=== Input ===
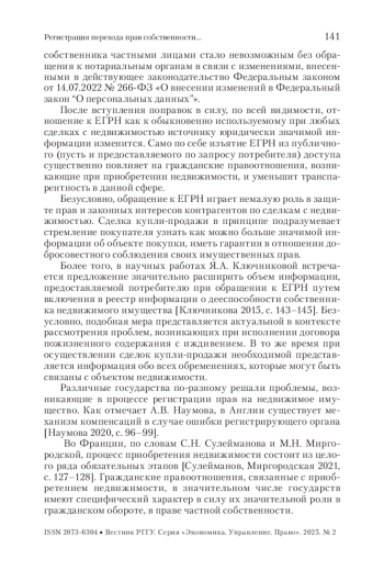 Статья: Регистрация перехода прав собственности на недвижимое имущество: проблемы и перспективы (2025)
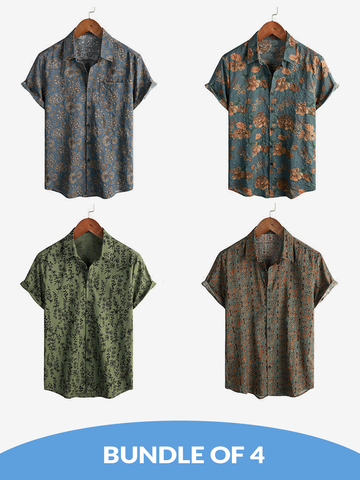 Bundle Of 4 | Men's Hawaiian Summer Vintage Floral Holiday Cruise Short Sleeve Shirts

--

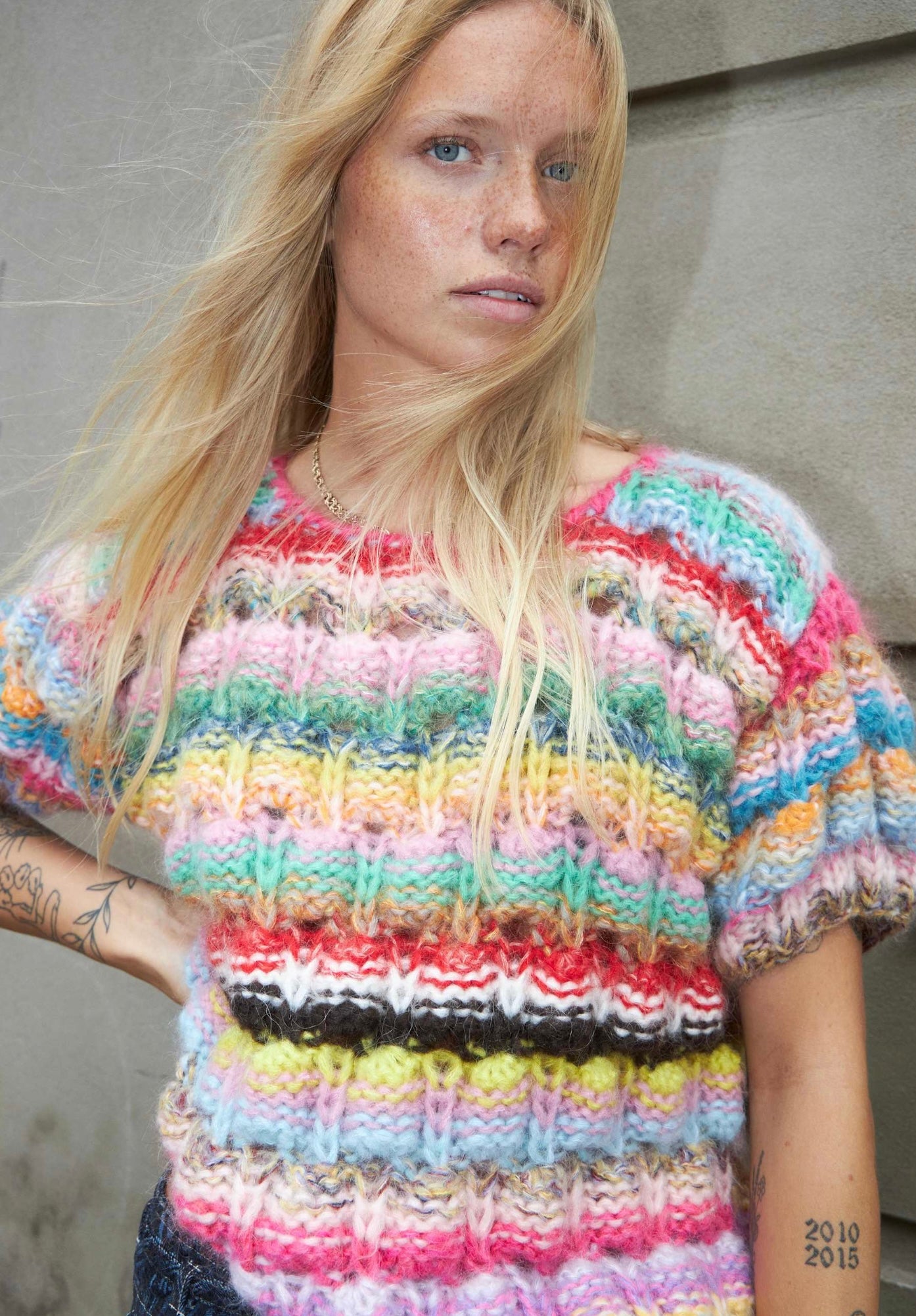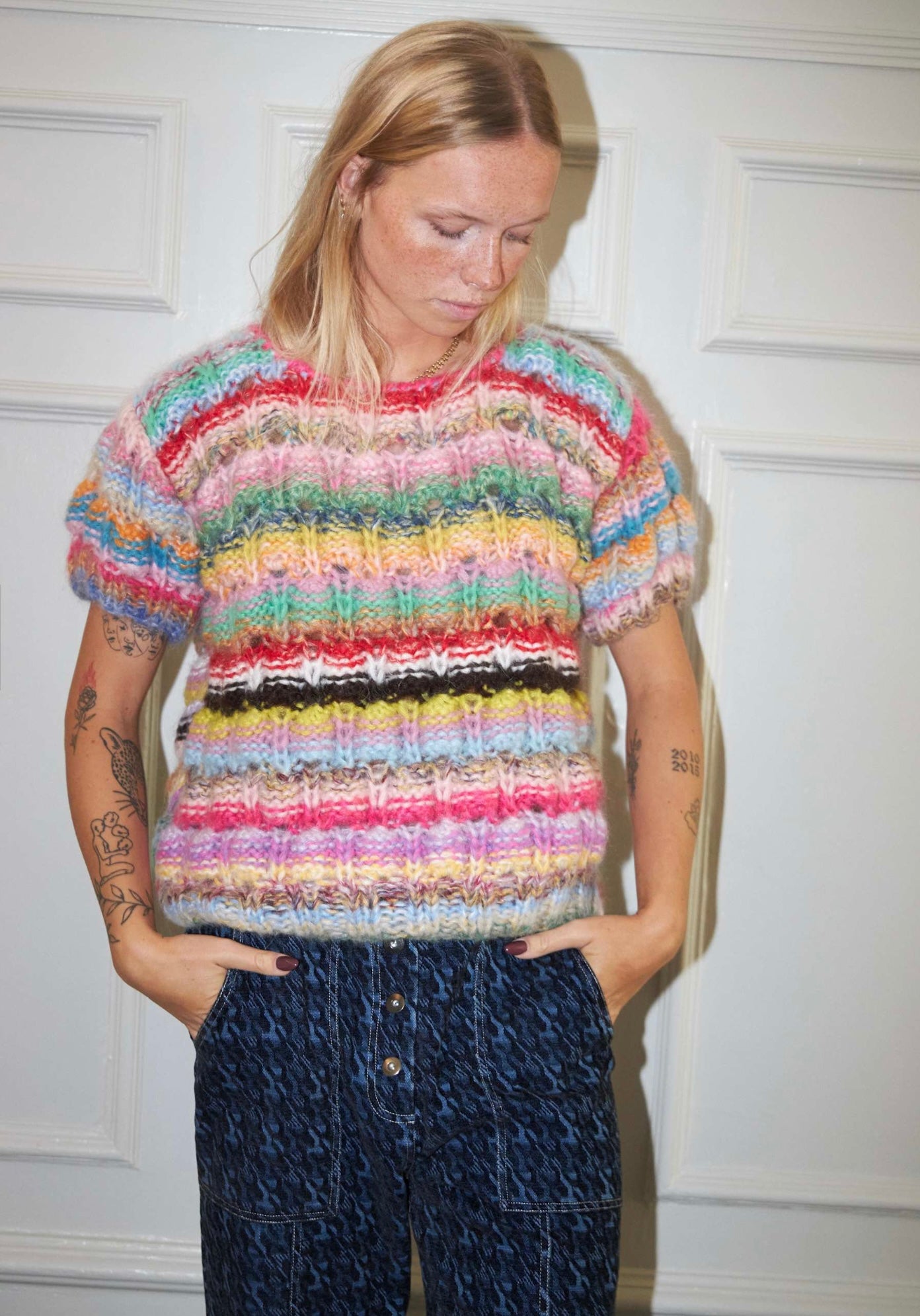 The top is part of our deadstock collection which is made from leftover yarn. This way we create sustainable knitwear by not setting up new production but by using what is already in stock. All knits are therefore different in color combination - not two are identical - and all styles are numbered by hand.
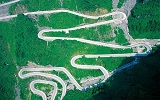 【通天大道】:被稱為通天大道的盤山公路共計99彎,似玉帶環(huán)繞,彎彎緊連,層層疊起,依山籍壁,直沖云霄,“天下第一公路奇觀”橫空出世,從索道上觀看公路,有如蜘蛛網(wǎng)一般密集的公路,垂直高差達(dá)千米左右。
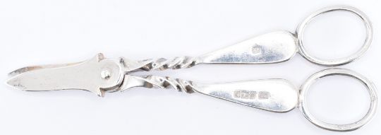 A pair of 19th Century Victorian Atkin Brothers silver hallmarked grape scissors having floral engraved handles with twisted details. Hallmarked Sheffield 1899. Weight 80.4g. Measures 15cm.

=== What the task requires ===
Using the data above, return the lines from the one holding "The top is part" through the one holding "A pair of 19th" exactly, but not the pictures.

=== Written response ===
 The top is part of our deadstock collection which is made from leftover yarn. This way we create sustainable knitwear by not setting up new production but by using what is already in stock. All knits are therefore different in color combination - not two are identical - and all styles are numbered by hand.
 【通天大道】:被稱為通天大道的盤山公路共計99彎,似玉帶環(huán)繞,彎彎緊連,層層疊起,依山籍壁,直沖云霄,“天下第一公路奇觀”橫空出世,從索道上觀看公路,有如蜘蛛網(wǎng)一般密集的公路,垂直高差達(dá)千米左右。
 A pair of 19th Century Victorian Atkin Brothers silver hallmarked grape scissors having floral engraved handles with twisted details. Hallmarked Sheffield 1899. Weight 80.4g. Measures 15cm.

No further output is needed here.